> [Data for processing]:

■ ■ ■ ■ ■ ■ ■

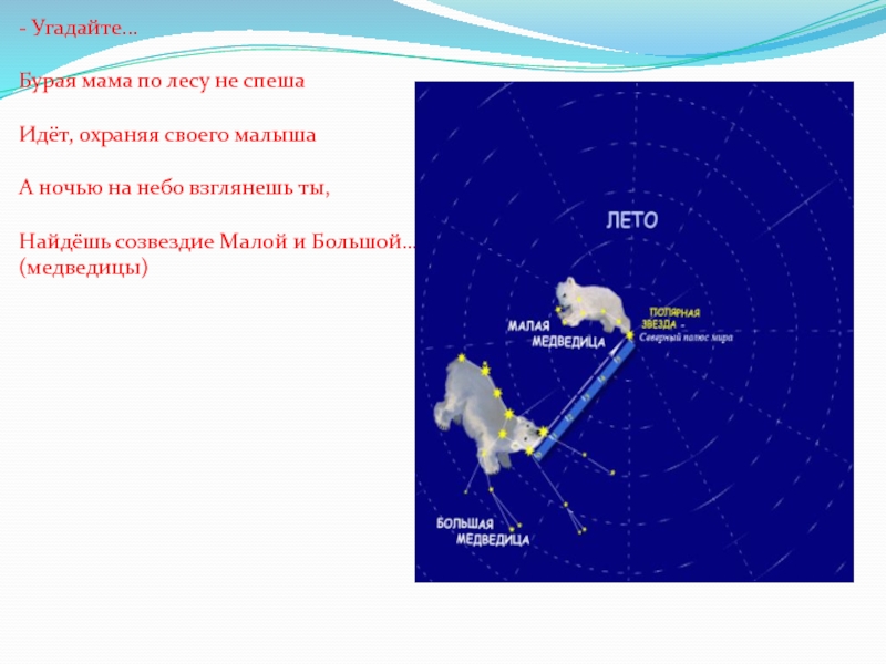 на небо взглянешь ты, Найдёшь созвездие Малой и Большой… (медведицы)
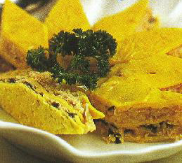 5. 將雞蛋皮鋪在盤子上,先鋪上銀耳餡,再鋪上木耳餡做成兩中顏色的厚餅,上蒸鍋蒸5分鐘取出,改成菱形塊,擺在盤中即可。
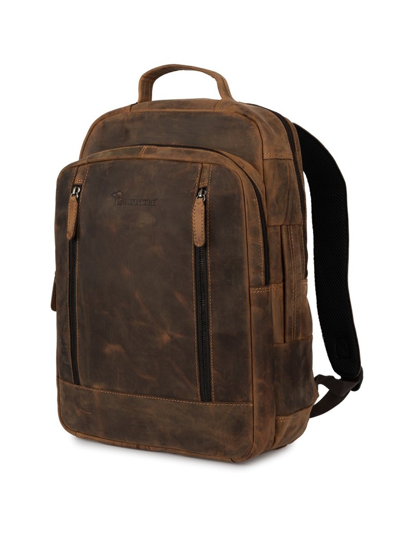 Plecak skórzany na laptopa 15,6 biznesowy duży A4 pojemny brązowy premium Beltimore N09
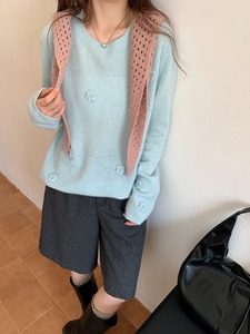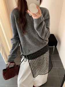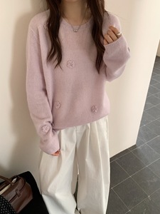 之言25秋冬女款羊毛衫韩系圆领手工刺绣立体花朵贝熊绒针织衫毛衣
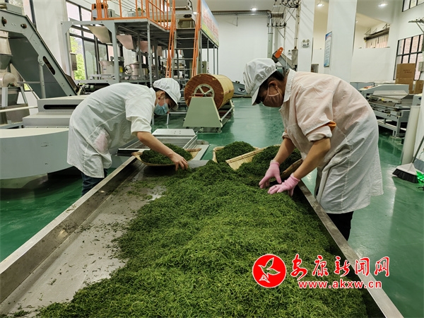 在漩渦區(qū)域加工廠的制茶生產(chǎn)車間內(nèi),鮮嫩的茶葉經(jīng)過殺青、揉捻、干燥、提香等程序,醇香的茶便新鮮出爐。“今年在開采之前,鎮(zhèn)政府面向茶葉產(chǎn)業(yè)合作社負(fù)責(zé)人和技術(shù)骨干組織了一次統(tǒng)一的培訓(xùn),對(duì)采摘手法,采摘標(biāo)準(zhǔn)進(jìn)行了統(tǒng)一的指導(dǎo)培訓(xùn),便于我們后面的生產(chǎn)和后期產(chǎn)品的把控。”茶廠負(fù)責(zé)人馮衛(wèi)平說。
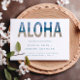Excitem seus convidados com este belo convite de casamento da tipografia da praia ALOHA, que foi projetado para ser não apenas bonito, mas também ecológico, pois você pode adicionar a informação ao seu site de casamento no verso. Ficarão tão felizes em ouvir a sua voz de que estou no Havaí.
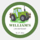 Pegatina Redonda Fiesta de cumpleaños de Cute Green Tractor
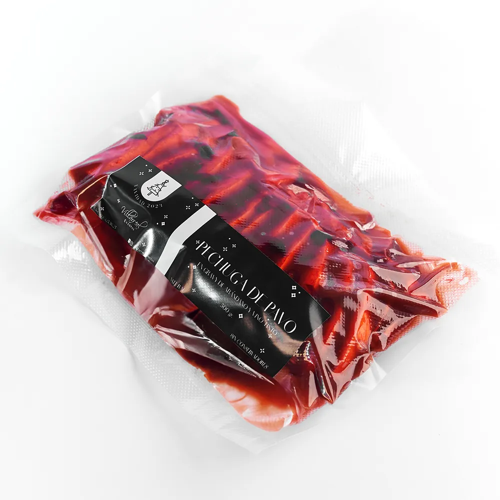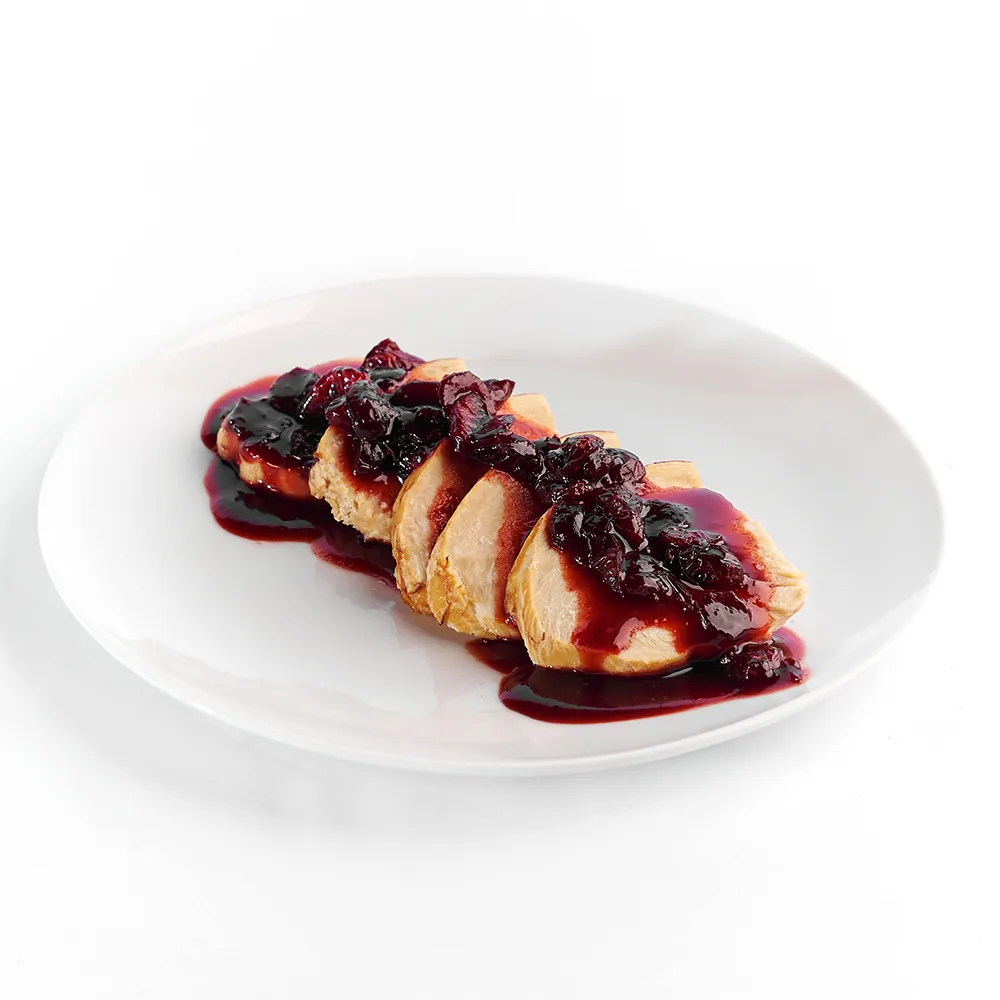 Pechuga de pavo rebanada con gravy de arándanos y vino tinto.

■ ■ ■ ■ ■ ■ ■

> [Work to be completed]: Everything from the line with "Excitem seus convidados" through the last line of the listing should be retyped exactly, with both end lines kept and the pictures left out.

> [Exercise response]:
Excitem seus convidados com este belo convite de casamento da tipografia da praia ALOHA, que foi projetado para ser não apenas bonito, mas também ecológico, pois você pode adicionar a informação ao seu site de casamento no verso. Ficarão tão felizes em ouvir a sua voz de que estou no Havaí.
 Pegatina Redonda Fiesta de cumpleaños de Cute Green Tractor
 Pechuga de pavo rebanada con gravy de arándanos y vino tinto.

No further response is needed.